Ударом грома хлопает дверь, Зикко появляется на пороге. Воротник испачкан чужой кровью. Бурчит:
— Устал…
И наверх — к себе, ступая тяжело, будто забыл избавиться от трупа и до сих пор волочет его на плечах.
А Рокко — что Рокко? Пасьянс не выходит, он рассеянно тасует карты, кличет слугу — проснется эта бестолочь, жди, — сам себе наливает вишневки, да не идет вишневка. Лестница знакомо скрипит, провожая его к сыну. В бывшей детской по-прежнему три кровати, но занята лишь одна. Зикко спит тяжелым, жадным сном, как умеют только дети, вцепившись в подушку, сбив одеяло вниз, так что оно едва накрывает пятки. Рокко стоит у двери, сглатывая подступившую к горлу нежность. Приближается, поправляет одеяло. Тихонько подбирает с пола брошенную одежду — отдать слугам, постирают. Выходит на цыпочках.
Дочери — те пусть достаются матерям, а сыновья — совсем другое, их будто сам под сердцем носишь. Он плевал на дорогу вслед Дженко и Ческо, а сам предвкушал втайне, как примет их обратно, в кровь избитых жизнью и разочарованных.
Сыновья не боялись потерь. Они совсем недавно сбросили кожу, превратившись из детей во взрослых, и им казалось, что и остальное можно так же легко скинуть с плеч. Сколько нужно было собирать его отцам и дедам — песчинка к песчинке — чтобы дом Черроне выстоял, чтобы до него не дотянулись волны вечно плещущегося над душой моря. А сыновья его — точно сорванцы на пляже. Мимоходом, не глядя, разворотили замок, несколько ударов — и стены разбиты, превратились в желтое марево. Все, что творил и берег Рокко, у этих проскользнуло сквозь пальцы. Разве это не предательство?
Но он готов был простить старших сыновей — ради младшего. Потому что Зикко не побрезгует измазать руки в песке.

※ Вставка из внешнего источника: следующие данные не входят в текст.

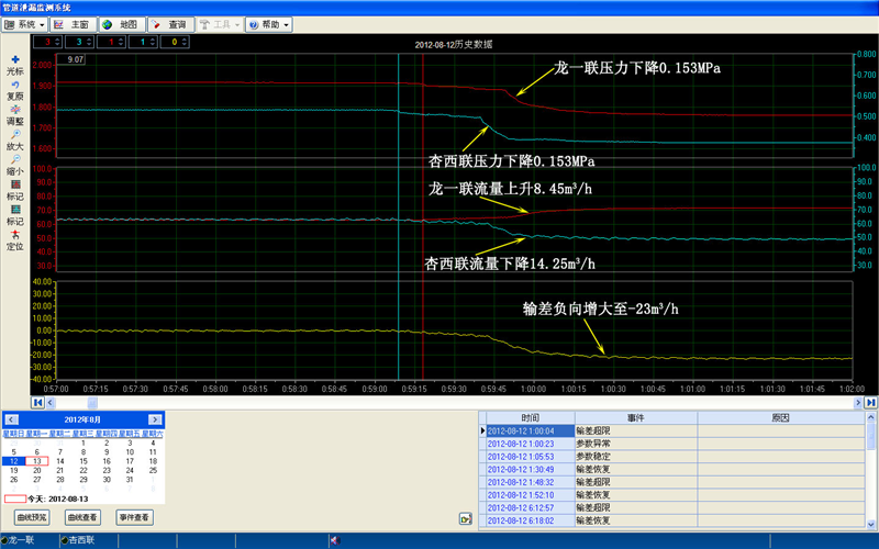 2012年8月12日龍一聯(lián)-杏西聯(lián)管線泄漏報(bào)警曲線圖

Он отстроит замок, огородит рвом, будет следить.
Но мальчики не вернулись. Не мальчики — теперь уж.
За завтраком Рокко спрашивает у сына:
— Сделал?
— Ага, — отвечает Зикко.
Черроне не нарушают онесту. А если нарушают, то так, чтоб не придрались. Но по онесте — женщин не убивают, и что делать Зикко, если Король назвал ему фамилию Бастарагации?
Не иначе — солнце нагрело богам головы, иначе они не сделали бы Синьору женщиной. Синьора ездит по городу одна и без вуали, заходит в игорный дом, обыгрывает мужчин в карты и во все, во что им придет в голову сыграть. Сама правит лошадью, правит семьей. Будь жив ее муж, старый Бастарагацци — не допустил бы такого. Но где он — можно бы спросить у рыб, а толку? Рыбы давно уж объели его плоть, море подлизало, что осталось, но с тех пор было столько обедов, разве им упомнить? И вспомнят — не скажут…
Вроде бы и знают в Читте, что не сам старик упал в море, а те, кто не знает, слышали, а тем, кто не слышал, это не мешает болтать.
О чем только не болтают в Читте.
У Черроне не принято развлекаться, пока работа не закончена, но Зикко идет в бордель. Идет и находит там одну — немолодую, в треснутой маске красавицы из балаганной пьесы, — единственную, кто знал мужа Синьоры лучше, чем сама она знала. Единственную, кто мог в ту ночь выбежать за ним на улицу — добежать до берега — увидеть.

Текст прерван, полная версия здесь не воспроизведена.